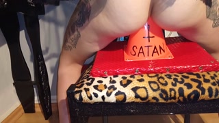 Gothic slave girl fucks her ass fo satan with crucifix and traffic cone
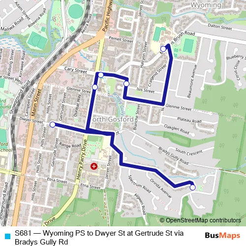 The first stop of the S681 bus route is Wyoming Public School, Maidens Brush Rd and the last stop is Dwyer St Before Hills St. S681 (Wyoming PS to Dwyer St at Gertrude St via Bradys Gully Rd) is operational during on weekdays.
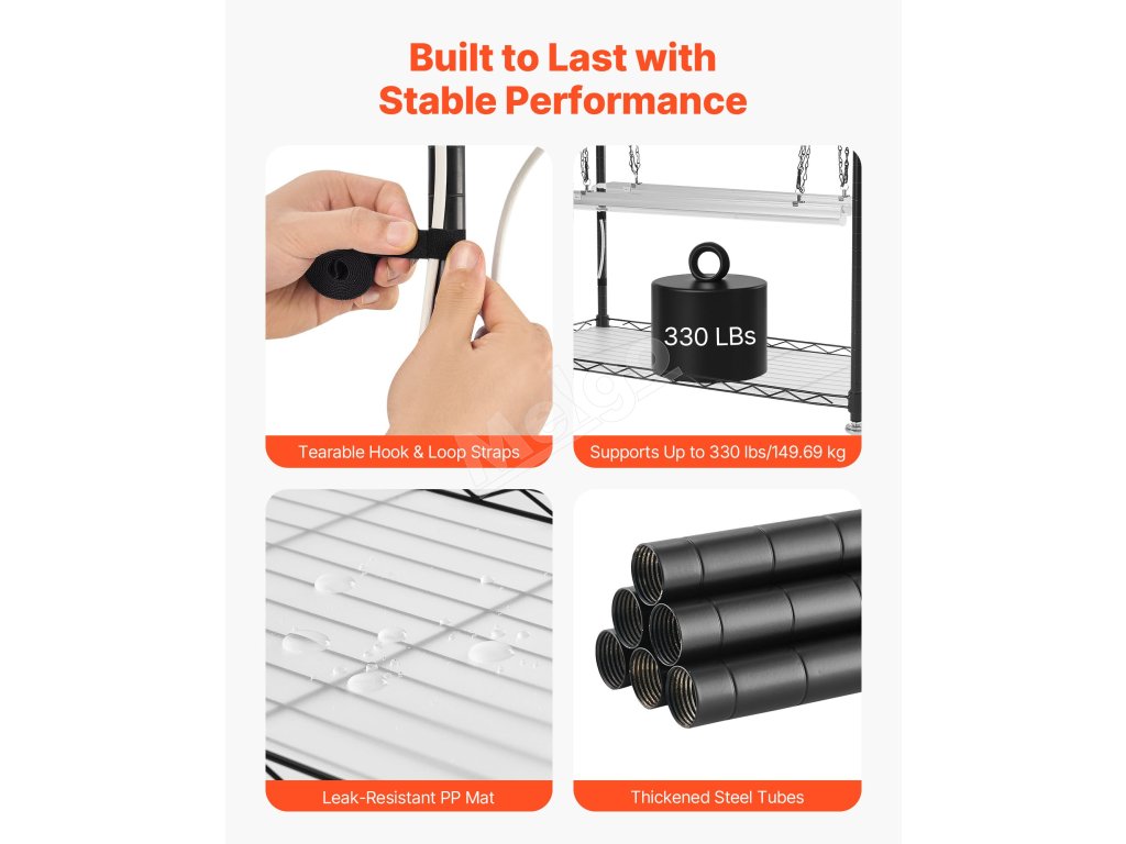 Nastaviteľné police sa hodia pre rastliny rôznej výšky. popruhy s háčikmi a slučkami udržiavajú rastliny v bezpečí, nepriepustné zásobníky z PP chránia obvody a otočné gumové kolieska umožňujú bezproblémové premiestňovanie.
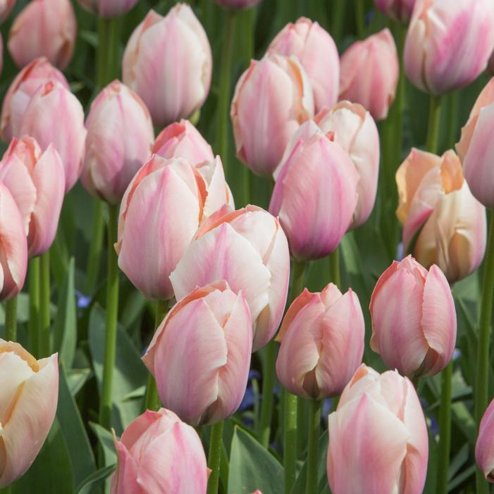 Salmon Van Eijk is a Darwin Hybrid Tulip with large, cup-shaped blooms in creamy salmon-pink, sometimes feathered with dusty rose. Its sturdy stems reach 18 to 22 inches, supporting flowers up to 6 inches across. Blooming in mid to late spring, it thrives in full sun and well-drained soil, making it ideal for borders, mass plantings, and cut arrangements. A sport of Van Eijk.
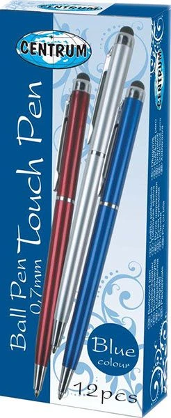 De Centrum “Touch pen” is een blauw schrijvende drukknop balpen, dat iets speciaals biedt behalve het prettig mee kunnen schrijven. De drukknop is van zacht rubber materiaal, waarmee u kan werken op een touchscreen. Geen lelijke vingerafdrukkingen meer op uw touchscreen! handig en voordelig.
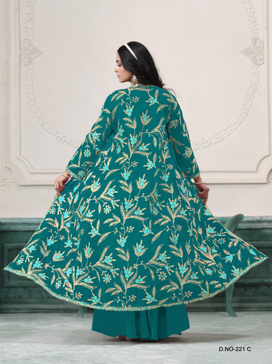 Dark Green Color Beautiful Sharara Suit in Georgette Fabric
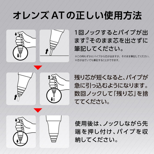 「思考を止めない、自動芯出し機構」 ノック1回でずっと書き続けられる「自動芯出し機構」と、ペン先のパイプで芯を守って書く「オレンズシステム」、しっかり握れる「デュアルグリップ」を搭載し、これまで以上に集中力が途切れず思考し続けられる「オレンズ」の新モデル登場です。 ●本体サイズ/重さ:W12×D11×H136mm/15g ●ブリスターサイズ/重さ:W53×D22×H200mm/31g
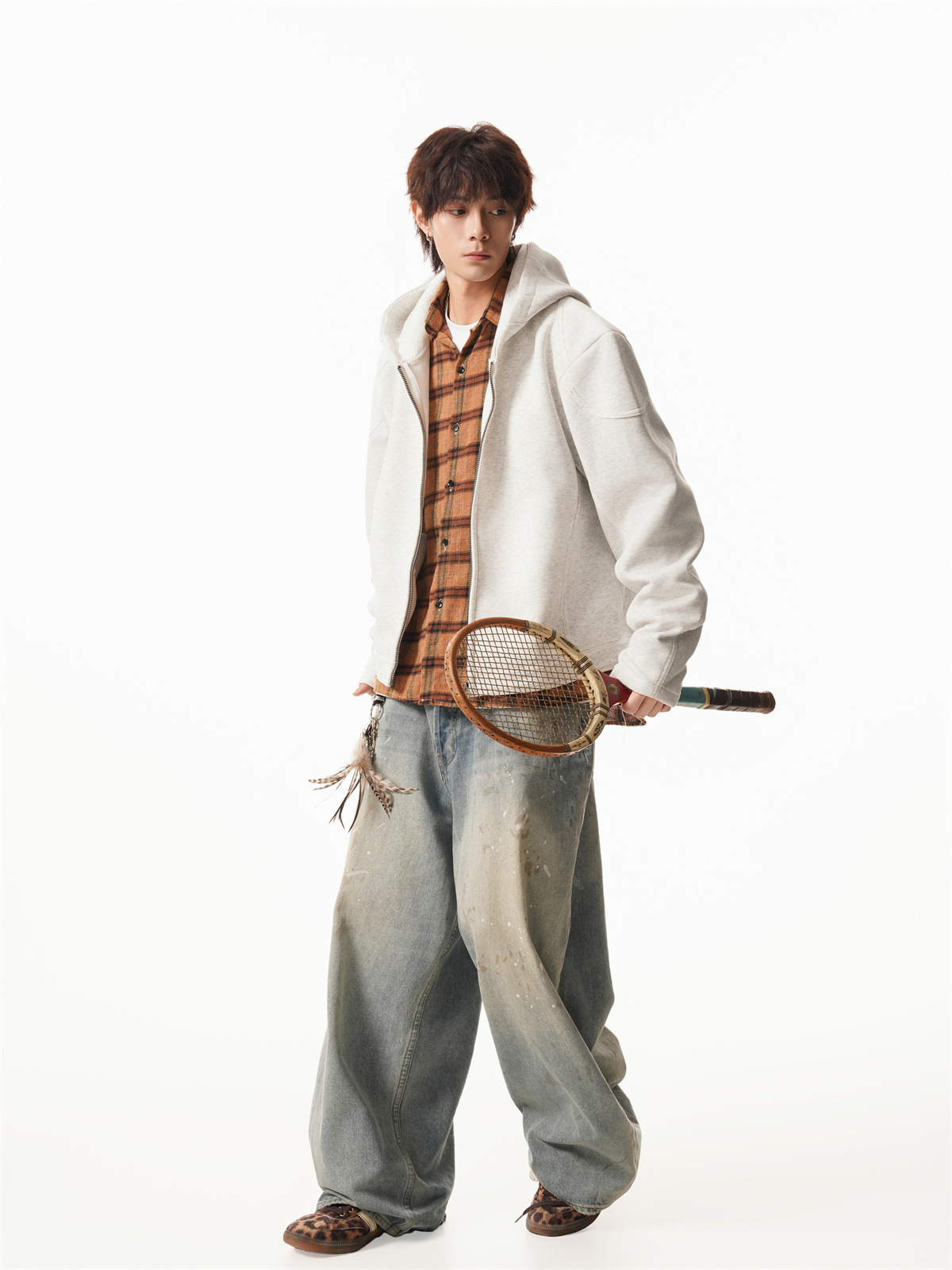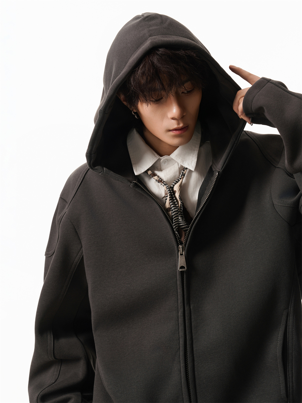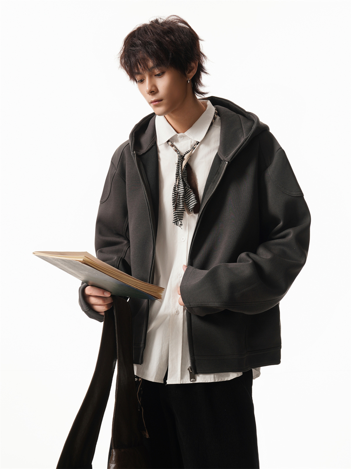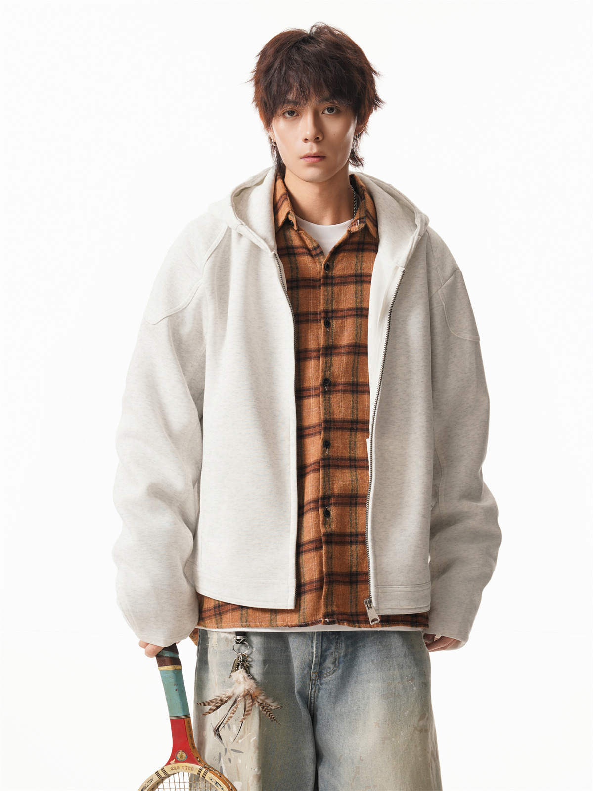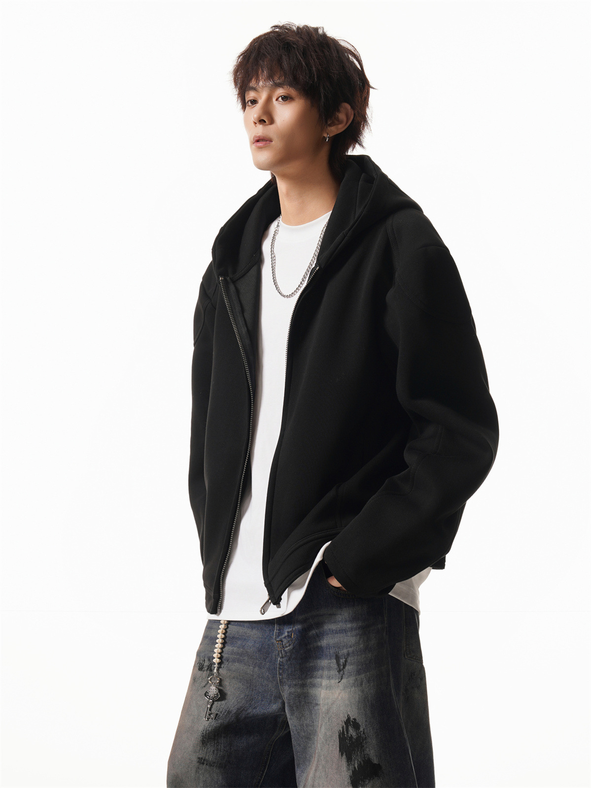 Cleanfit Short Crop Heavyweight Hoodie Jacket for Men Autumn Loose Oversized Hooded Zip-Up Sweatshirt with Regular Shoulders
# # # #
### WHAT THE TASK REQUIRES
In the listing above, find the line with "The first stop" and output every line through the one with "Nastaviteľné police sa", exactly, without the pictures.

### SOLUTION TO THE PROBLEM
 The first stop of the S681 bus route is Wyoming Public School, Maidens Brush Rd and the last stop is Dwyer St Before Hills St. S681 (Wyoming PS to Dwyer St at Gertrude St via Bradys Gully Rd) is operational during on weekdays.
 Nastaviteľné police sa hodia pre rastliny rôznej výšky. popruhy s háčikmi a slučkami udržiavajú rastliny v bezpečí, nepriepustné zásobníky z PP chránia obvody a otočné gumové kolieska umožňujú bezproblémové premiestňovanie.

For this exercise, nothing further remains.